My Family Taught Me To Hide The Truth About My Brother. I Wish They Hadn’t.

From the time I was 7, my mother instructed my older sister and me that if anyone asked how Joel was doing, we should tell them he was “fine.” Joel, my older brother, stayed in his room when people visited and didn’t go with us to see family. I didn’t feel comfortable having friends over because of how he slumped on the sofa in his sleeveless undershirt, staring into space, laughing to himself.

Lying in bed at night, I listened to my brother’s mysterious soundscape in the bathroom. His mumbled speech and snickering filtered through the thin wall between us.
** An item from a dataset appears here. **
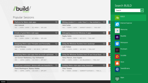 Sans pour autant faire disparaître le « Desktop » bien connu de ses utilisateurs, les applications de type « Metro » se veulent fluides et dynamiques. La différence vis-à-vis de la concurrence se faisant notamment par l’ajout de « Charms » disponibles dans l’ensemble des applications « Metro » et permettant la mise à disposition de contrats de services. Pour exemple, le « Search » permettant ainsi de chercher aussi bien sur le système de fichier, que sur internet ou encore dans une application.

He spoke to an imaginary audience in a language I couldn’t understand and hissed like he was talking with snakes. Covering my ears with pillows and sinking deep under the covers proved useless.
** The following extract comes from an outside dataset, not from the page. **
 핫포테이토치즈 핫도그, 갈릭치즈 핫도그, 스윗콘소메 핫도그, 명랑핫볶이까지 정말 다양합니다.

I feared that whatever was wrong with Joel might be waiting inside me, that it “ran in our family.” I never asked my parents why Joel hardly smiled and why he bragged about his plan to swim the English Channel in record time. I knew these topics were not to be discussed. My father wanted his only son to become a doctor, a highly esteemed profession for Jewish Americans. His disappointment and anger at Joel’s poor grades resulted in frequent scoldings, including “You idiot, why can’t you just be normal?”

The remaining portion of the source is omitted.